Provided data:
**********
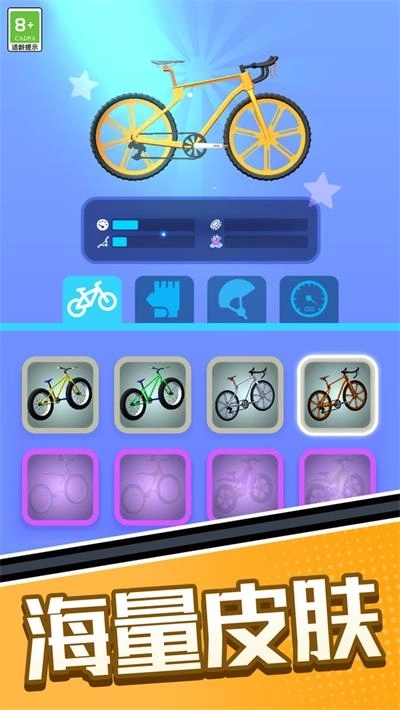 3)多样的自行车皮肤可供挑选,助你的爱车彰显别样个性。
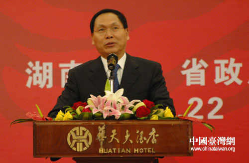 湖南省台办主任龚文密主持招待晚宴。(卢文君 摄)
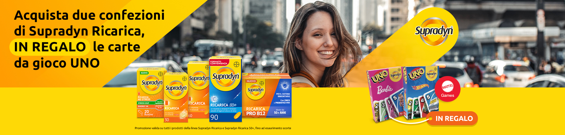 Acquista due confezioni di Supradyn Ricarica, per te in regalo una confezione di carte da gioco Mattel!
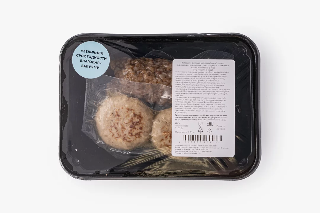 Нежные котлеты из филе и бедра индейки с рассыпчатой гречкой — сытное сочетание, напоминающее о домашней кухне. Мясо индейки сохраняет сочность, а гречневый гарнир с вялеными томатами и травами приобретает насыщенный вкус с нотками базилика и петрушки. Специи — кориандр, чёрный перец и чеснок — добавляют лёгкую пикантность. Эти котлеты приготовлены методом су-вид и хранятся дольше обычных — до 25 суток: мы используем вакуум, чтобы убрать воздух вокруг продукта, и он естественным образом дольше остаётся свежим, без лишних добавок. Подойдёт для полноценного обеда или ужина, когда хочется чего-то простого и вкусного.
**********
Task to carry out: Output the listing exactly. Leave out any image.

Reply to the exercise:
 3)多样的自行车皮肤可供挑选,助你的爱车彰显别样个性。
 湖南省台办主任龚文密主持招待晚宴。(卢文君 摄)
 Acquista due confezioni di Supradyn Ricarica, per te in regalo una confezione di carte da gioco Mattel!
 Нежные котлеты из филе и бедра индейки с рассыпчатой гречкой — сытное сочетание, напоминающее о домашней кухне. Мясо индейки сохраняет сочность, а гречневый гарнир с вялеными томатами и травами приобретает насыщенный вкус с нотками базилика и петрушки. Специи — кориандр, чёрный перец и чеснок — добавляют лёгкую пикантность. Эти котлеты приготовлены методом су-вид и хранятся дольше обычных — до 25 суток: мы используем вакуум, чтобы убрать воздух вокруг продукта, и он естественным образом дольше остаётся свежим, без лишних добавок. Подойдёт для полноценного обеда или ужина, когда хочется чего-то простого и вкусного.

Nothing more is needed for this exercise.